The "BuildSyntax" is a way EdwardKiser invented to write SchemeLanguage programs out of order. It is inspired by LiterateProgramming, but it only has the advantages of the "tangle" part of the implementation. It is useful for highly parenthesized languages.

It looks like this: [This is an excerpt from real code. It has references to the rest of the code, which has been omitted. I need a shorter example!]

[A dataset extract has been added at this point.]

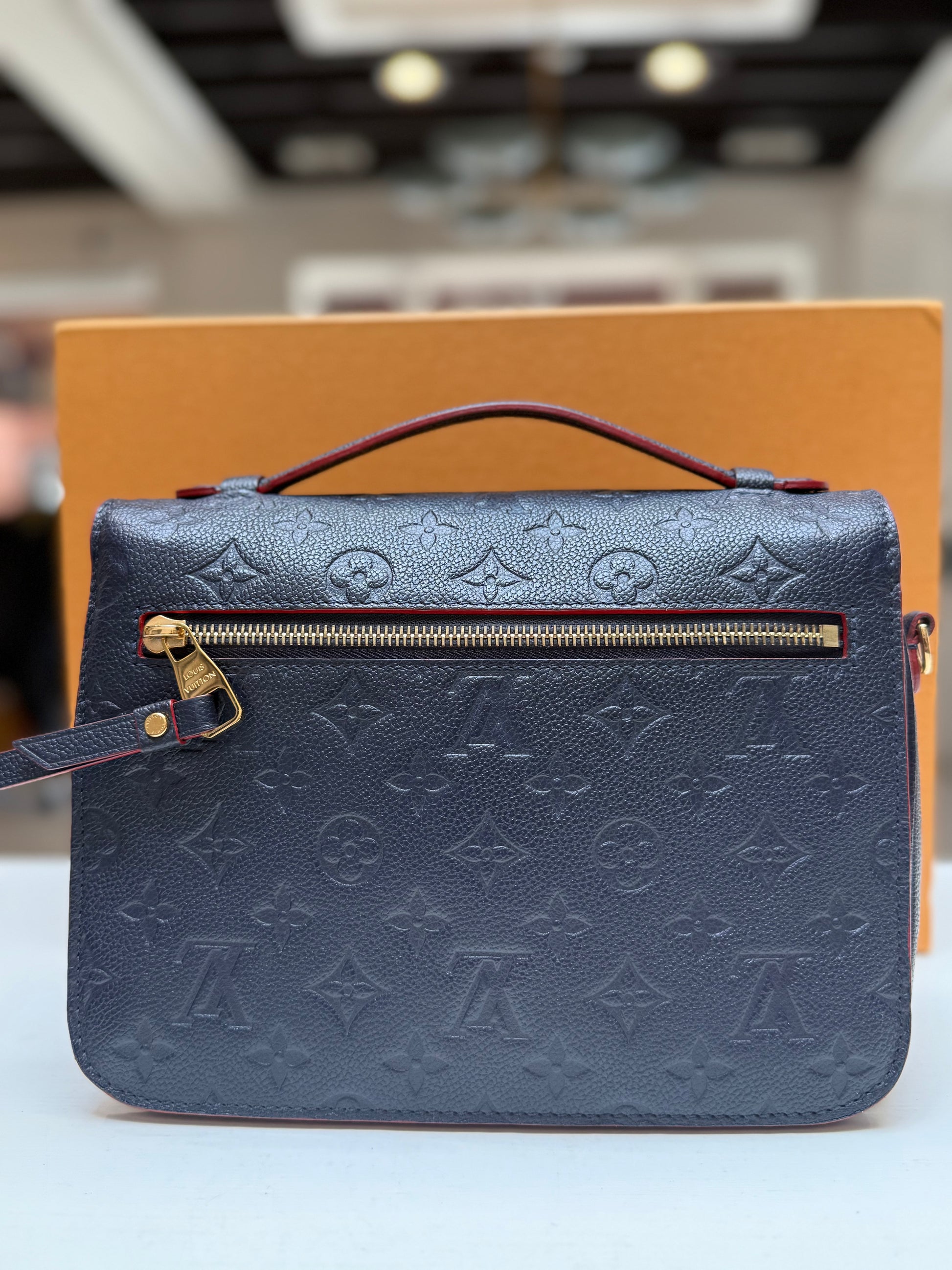 Navy embossed leather meets structured design and functional elegance in this timeless Louis Vuitton piece. Like new condition, comes with dust bag and certificate of authenticity.

 BUILD (define make-stack (lambda () $make-stack-body)) WHERE
 $make-stack-body = (let* ($vars) $let-body) ;
 $vars = $var-size
   $var-space $var-the-vector $var-respace-to
   $var-ideal-space
   $var-oversize-ok?
   $var-resize-to
   $var-push! $var-pop!
   $var-abs-addr $var-rel-addr
   $var-get-builder $var-set-builder
   $var-rel-get $var-rel-set!
   $var-abs-get $var-abs-set!
   $var-alloc! $var-free!
   $var-get-depth ;
 $let-body = (lambda (msg) $dispatch) ;
 $dispatch = (case msg
   ((push!) push!) ((pop!) pop!)
   ((rel-get) rel-get) ((rel-set!) rel-set!)
   ((abs-get) abs-get) ((abs-set!) abs-set!)
   ((alloc!) alloc!) ((free!) free!)
   ((get-depth) get-depth)
   (else #f)) ;

 $var-size = (size 0) ;
 $var-space = (space 10) ;
 $var-the-vector = (the-vector (make-vector space #f)) ;

 $var-respace-to = (respace-to (lambda (newspace) $body1)) ;
 $body1 = (if $respace-bad $respace-error $body1a) ;
 $respace-bad = (not (and (< size space) (< size newspace))) ;
 $respace-error = (error `("Size:" ,size "Old Space:" ,space
   "New Space:" ,newspace)) ;
 $body1a = (let ($var-newvec) $body2) ;
 $var-newvec = (newvec (make-vector newspace #f)) ;
 $body2 = $copydata $set-value $set-space #t ;
 $copydata = (vector-copy-range the-vector 0
   (min size newspace) newvec 0) ;
 $set-value = (set! the-vector newvec) ;
 $set-space = (set! space newspace) ;

And so forth. Add the occasional comment, and it's almost like writing in WEB.

It's easy to implement. Try writing it using itself, then going through it manually. That's what I did.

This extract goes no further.